What the task asks: No pictures belong in the copy. Retype exactly, and only, the stretch of lines below from the one with "Policiais militares do" through the one with "Для студентов по".

Dataset:
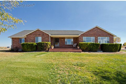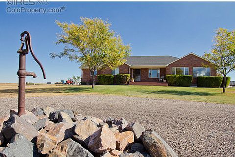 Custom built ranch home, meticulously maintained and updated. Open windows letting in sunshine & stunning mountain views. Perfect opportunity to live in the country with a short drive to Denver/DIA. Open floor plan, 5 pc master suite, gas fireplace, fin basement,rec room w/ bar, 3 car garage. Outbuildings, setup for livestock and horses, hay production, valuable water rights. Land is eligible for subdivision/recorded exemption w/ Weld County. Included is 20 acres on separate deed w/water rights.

...

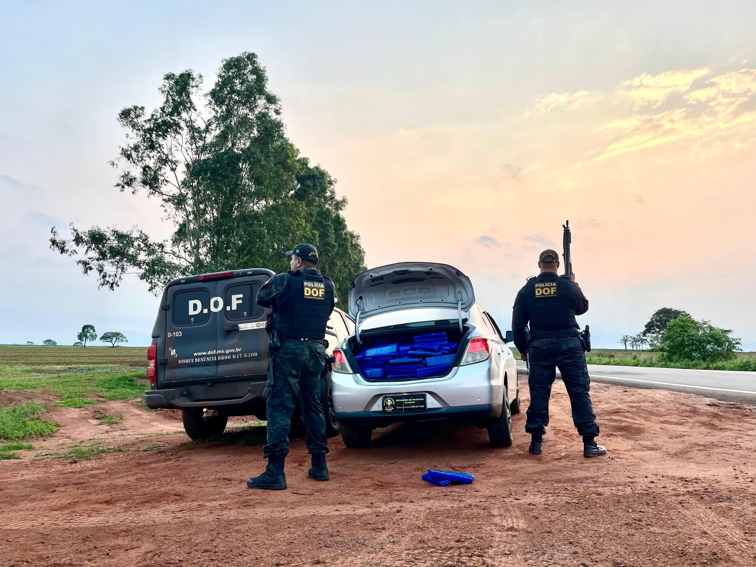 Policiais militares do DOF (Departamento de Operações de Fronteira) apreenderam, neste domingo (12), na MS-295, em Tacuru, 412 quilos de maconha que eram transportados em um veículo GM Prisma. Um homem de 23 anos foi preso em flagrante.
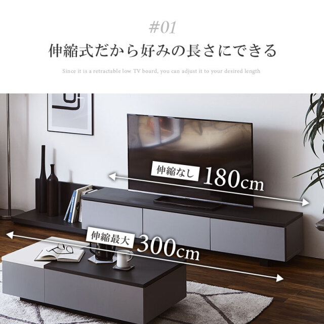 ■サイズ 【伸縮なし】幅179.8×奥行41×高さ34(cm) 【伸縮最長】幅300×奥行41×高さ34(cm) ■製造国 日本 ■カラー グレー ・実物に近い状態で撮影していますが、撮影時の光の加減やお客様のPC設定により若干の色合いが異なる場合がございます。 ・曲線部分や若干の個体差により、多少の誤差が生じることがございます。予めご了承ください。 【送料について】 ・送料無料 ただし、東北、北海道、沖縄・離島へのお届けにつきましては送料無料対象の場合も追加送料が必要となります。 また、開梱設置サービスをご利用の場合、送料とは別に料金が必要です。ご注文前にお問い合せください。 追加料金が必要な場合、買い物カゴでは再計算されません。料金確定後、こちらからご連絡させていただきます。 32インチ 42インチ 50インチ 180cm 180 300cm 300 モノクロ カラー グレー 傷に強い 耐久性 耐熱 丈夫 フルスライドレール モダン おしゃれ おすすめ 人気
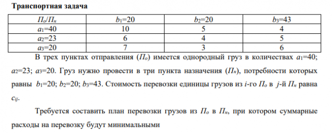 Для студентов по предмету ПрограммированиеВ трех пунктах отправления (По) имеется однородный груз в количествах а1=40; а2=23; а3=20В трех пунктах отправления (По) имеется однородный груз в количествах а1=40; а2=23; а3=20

* * *

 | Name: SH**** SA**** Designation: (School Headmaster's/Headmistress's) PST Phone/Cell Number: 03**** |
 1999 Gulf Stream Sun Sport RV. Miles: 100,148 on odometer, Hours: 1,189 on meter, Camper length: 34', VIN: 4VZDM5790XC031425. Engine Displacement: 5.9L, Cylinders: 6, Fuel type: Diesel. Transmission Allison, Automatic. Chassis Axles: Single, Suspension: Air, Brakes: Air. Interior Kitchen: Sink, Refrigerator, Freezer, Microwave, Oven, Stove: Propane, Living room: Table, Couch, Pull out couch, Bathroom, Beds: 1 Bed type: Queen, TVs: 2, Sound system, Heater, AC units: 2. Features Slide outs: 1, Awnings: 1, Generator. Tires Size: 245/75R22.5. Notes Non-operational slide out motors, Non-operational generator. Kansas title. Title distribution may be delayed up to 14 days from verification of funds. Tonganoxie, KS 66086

Written solution:
 Policiais militares do DOF (Departamento de Operações de Fronteira) apreenderam, neste domingo (12), na MS-295, em Tacuru, 412 quilos de maconha que eram transportados em um veículo GM Prisma. Um homem de 23 anos foi preso em flagrante.
 ■サイズ 【伸縮なし】幅179.8×奥行41×高さ34(cm) 【伸縮最長】幅300×奥行41×高さ34(cm) ■製造国 日本 ■カラー グレー ・実物に近い状態で撮影していますが、撮影時の光の加減やお客様のPC設定により若干の色合いが異なる場合がございます。 ・曲線部分や若干の個体差により、多少の誤差が生じることがございます。予めご了承ください。 【送料について】 ・送料無料 ただし、東北、北海道、沖縄・離島へのお届けにつきましては送料無料対象の場合も追加送料が必要となります。 また、開梱設置サービスをご利用の場合、送料とは別に料金が必要です。ご注文前にお問い合せください。 追加料金が必要な場合、買い物カゴでは再計算されません。料金確定後、こちらからご連絡させていただきます。 32インチ 42インチ 50インチ 180cm 180 300cm 300 モノクロ カラー グレー 傷に強い 耐久性 耐熱 丈夫 フルスライドレール モダン おしゃれ おすすめ 人気
 Для студентов по предмету ПрограммированиеВ трех пунктах отправления (По) имеется однородный груз в количествах а1=40; а2=23; а3=20В трех пунктах отправления (По) имеется однородный груз в количествах а1=40; а2=23; а3=20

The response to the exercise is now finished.